Multi-task learning yields substantial improvement on plant height (R² 0.12→0.19) while saving ~75% of computation.
Uncertainty-guided cleaning improves R² by 4% for SLA and 13% for LA.
The model captures intraspecific variation, particularly in plant height prediction, rather than simply regressing to species means.
Phylogenetic analysis shows that prediction errors are largely independent of species relatedness, demonstrating strong generalization.

Highlights & Insights¶

Innovative Use of Citizen Science Data: The first systematic conversion of 50M+ georeferenced plant photographs into global trait maps via a highly scalable methodology.
Two-Stage Uncertainty-Guided Cleaning: An elegant solution to feature noise and label noise in weakly supervised data; residual-aware filtering specifically addresses heteroscedastic traits.
Integration of Geospatial Foundation Models: The Climplicit encoding strategy (concatenating embeddings for months 3/6/9/12 to capture seasonal variation) is simple yet effective.
Capture of Intraspecific Variation: Despite training with species-level weak labels, the model retains the ability to distinguish individual differences across developmental stages within the same species.
Pareto Front Checkpoint Selection: Multi-objective optimization selects the checkpoint with the best simultaneous performance across all four traits.

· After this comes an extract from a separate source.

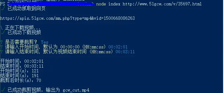 - 视频下载完成后,在命令行提示输入 开始时间、结束时间,输入完成后开始剪辑视频

Limitations & Future Work¶

Leaf nitrogen content (LN) prediction remains weak (negative R²), as it is a biochemical trait that is inherently difficult to infer from imagery.
The weakly supervised paradigm is a fundamental limitation — species-level annotations disregard inter-individual variation (intraspecific variability).
Citizen science data exhibit spatial and taxonomic biases (skewed toward Europe and North America, and toward herbaceous species).
Global trait maps exhibit systematic bias (R² substantially lower than r), requiring better calibration methods.
Only 2D images are utilized; video or time-series information is not exploited.

vs. Schiller et al. (2021): A pioneering single-task model that does not evaluate intraspecific variation; PlantTraitNet comprehensively outperforms it.
vs. Wolf et al. (2022): Introduced the sPlotOpen validation protocol and global feature maps; PlantTraitNet achieves better performance on the same benchmark.
vs. Remote Sensing Methods (Moreno, Butler): Traditional remote sensing extrapolation methods perform far worse than computer vision-based approaches.

Rating¶

Novelty: ⭐⭐⭐⭐ — First uncertainty-aware multimodal multi-task framework for global plant trait inference, with multiple novel components.
Experimental Thoroughness: ⭐⭐⭐⭐⭐ — Multimodal ablations, loss function ablations, global benchmark comparisons, intraspecific variation analysis, and phylogenetic analysis.
Writing Quality: ⭐⭐⭐⭐ — Clear structure, solid ecological background, and outstanding cross-disciplinary integration.
Value: ⭐⭐⭐⭐⭐ — Establishes a new paradigm for leveraging citizen science imagery in global ecological mapping; datasets and code are open-sourced.